Video Game Level Design as a Multi-Agent Reinforcement Learning Problem

TL;DR

This work tackles the bottleneck in Procedural Content Generation via Reinforcement Learning (PCGRL), where global reward computations scale as $O(N^2)$ with map size $N$, and single-agent generators struggle to generalize to out-of-distribution maps. It extends PCGRL to a multi-agent setting trained with Multi-Agent PPO (MAPPO) on GPU using GPU-accelerated JAX, employing shared rewards and local egocentric observations, and introducing the board_scans unit and reward_frequency hyperparameter. Results show that multi-agent collaboration maintains or improves in-distribution performance while significantly boosting generalization to larger and differently shaped maps, due to learning more local, modular policies and reducing reward computation costs.
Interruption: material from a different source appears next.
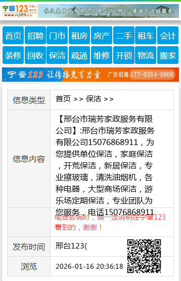 【邢台市瑞芳家政服务有限公司】:邢台市瑞芳家政服务有限公司15076868911,为您提供单位保洁,家庭保洁,开荒保洁,新居保洁,专业擦玻璃,清洗油烟机,各种电器,大型商场保洁,游乐场定期保洁,专业团队为您服务,电话15076868911 地址、电话:邢台市瑞芳家政服务有限公司,电话15076868911 【电话咨询时,请一定说明在邢台123看到的,谢谢!】 |

The approach demonstrates scalable, co-creative level generation for grid-based domains and suggests pathways for specialization within automated level-design teams, with open-source code to enable broader adoption.

Abstract

Procedural Content Generation via Reinforcement Learning (PCGRL) offers a method for training controllable level designer agents without the need for human datasets, using metrics that serve as proxies for level quality as rewards. Existing PCGRL research focuses on single generator agents, but are bottlenecked by the need to frequently recalculate heuristics of level quality and the agent's need to navigate around potentially large maps. By framing level generation as a multi-agent problem, we mitigate the efficiency bottleneck of single-agent PCGRL by reducing the number of reward calculations relative to the number of agent actions. We also find that multi-agent level generators are better able to generalize to out-of-distribution map shapes, which we argue is due to the generators' learning more local, modular design policies. We conclude that treating content generation as a distributed, multi-agent task is beneficial for generating functional artifacts at scale.

Figures (5)

• Figure 1: In multi-agent PCGRL, agent actions are taken in parallel, reducing the number of reward computations required relative to level edits, while maintaining a per-agent dense reward scheme, and fostering collaboration between agents. Reward $R_t$ is computed according the weighted sum of heuristic scores $m_i$.
• Figure 2: Episode rollouts with variable numbers of agents. Having multiple agents tends to allow for better map coverage and more complex and modular design patterns. For the sake of illustration, levels are initialized full of wall tiles. $t$ represents the timestep of a given frame.
• Figure 3: Episode returns by total number of environment steps during training, for varying numbers of agents. Results averaged over 10 training seeds.
• Figure 4: The result of three agents' collaboratively building a binary maze. The agents, trained on $16 \times 16$ maps, are evaluated on an out-of-distribution map of size $32 \times 32$.
• Figure 5: Agents generate a level in the dungeon domain.